Trust yourself. You know more than you think you do.
- All from Benjamin McLane Spock, 1903 - 1998

About: Benjamin McLane Spock was born at New Haven, Connecticut on 2 May in 1903. After a strict and somewhat bizarre childhood he studied medicine, and in 1946 wrote The Common Sense Book of Baby and Child Care which became, for better or worse, the operating manual for a whole generation of children. (Including yours truly.) While at Yale he rowed competitively, including winning a Gold in the 1924 Summer Olympics in an "eight". He came under attack for his politics in the 'seventies, he was against nuclear weapons and the Vietnam war, in favor of civil and women's rights, and ran for president in 1972.

Thursday, June 08, 2006

Mail

I have made this a rather long letter because I haven't had time to make it shorter.
- Blaise Pascal, 1623 - 1662

Consider the postage stamp: its usefulness consists in the ability to stick to one thing till it gets there.
- Josh Billings, 1818 - 1885

If you want to discover your true opinion of anybody, observe the impression made on you by the first sight of a letter from him.
- Arthur Schopenhauer, 1788 - 1860

Letters are expectation packed in an envelope.
- Shana Alexander

Designs in connection with postage stamps and coinage may be described, I think, as the silent ambassadors of national taste.
- William Butler Yeats, 1865 - 1939

All science is either physics or stamp collecting.
- Ernest Rutherford, 1871 - 1937

Sunday, June 04, 2006

Marcus Aurelius

I have often wondered how it is that every man loves himself more than all the rest of men, but yet sets less value on his own opinions of himself than on the opinions of others.
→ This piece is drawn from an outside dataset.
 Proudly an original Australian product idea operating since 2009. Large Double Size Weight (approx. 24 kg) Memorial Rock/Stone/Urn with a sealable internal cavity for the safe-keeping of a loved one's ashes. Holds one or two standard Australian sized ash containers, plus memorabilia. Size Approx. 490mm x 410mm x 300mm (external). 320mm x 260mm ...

Let thy chief fort and place of defense be a mind free from passions. A stronger place and better fortified than this, hath no man.

No longer talk at all about the kind of man that a good man ought to be, but be such.
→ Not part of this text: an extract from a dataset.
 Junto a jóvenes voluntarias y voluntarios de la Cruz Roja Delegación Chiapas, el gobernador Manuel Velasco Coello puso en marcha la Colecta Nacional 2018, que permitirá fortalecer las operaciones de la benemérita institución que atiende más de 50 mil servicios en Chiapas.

Such as are your habitual thoughts, such also will be the character of your mind; for the soul is dyed by the thoughts. Dye it then with a continuous series of such thoughts as these: for instance, that where a man can live, there he can also live well.
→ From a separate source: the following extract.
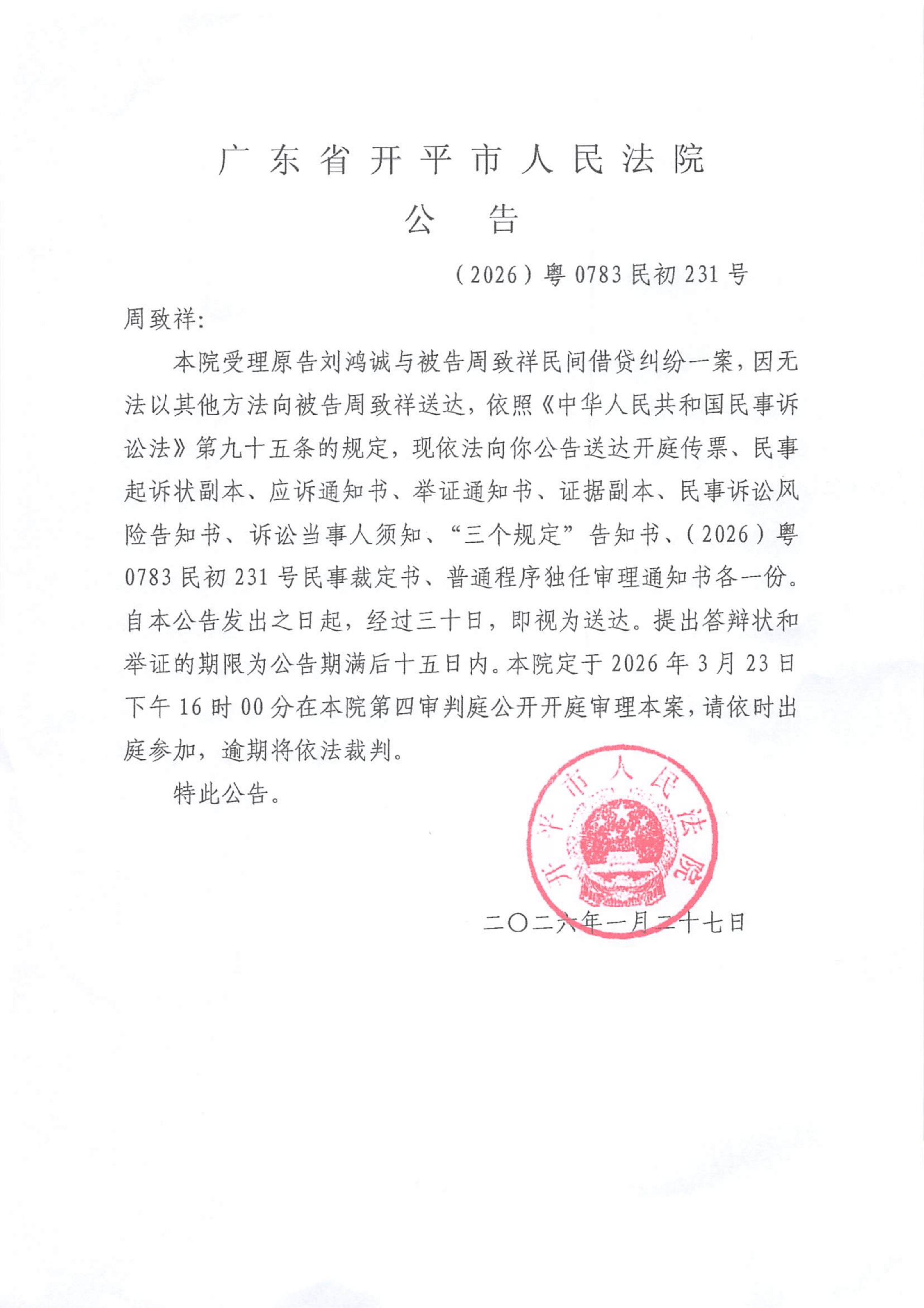附件:(2026)粤0783民初231号 周致祥 开庭公告.pdf

The art of living is more like wrestling than dancing, in so far as it stands ready against the accidental and the unforeseen, and is not apt to fall.

That which is not good for the hive is not good for the bee.
- All from Marcus Aurelius, 121 - 180

About: Marcus Annius Verus was born to Spanish parents at Rome on 26 Apr in 121. He was a serious and studious child and came to the attention of the emperor Hadrian. Hadrian adopted Antoninus, who in turn adopted Marcus, establishing the succession. At this time he was called Aurelius, the golden one. During Antoninus' peaceful reign, Aurelius was a diligent administrator, a priest in the state religion, and a stoic philosopher. During this time he wrote "The Meditations" in Greek, most quotes that survive are from that volume. When he came to power himself, the empire was under attack first by Parthia, then smallpox, and then by Germanic tribes, and Aurelius spent most of his reign in the field commanding his troops and provided us with few quotes. And if you are wondering, yes he was the 'Gladiator'!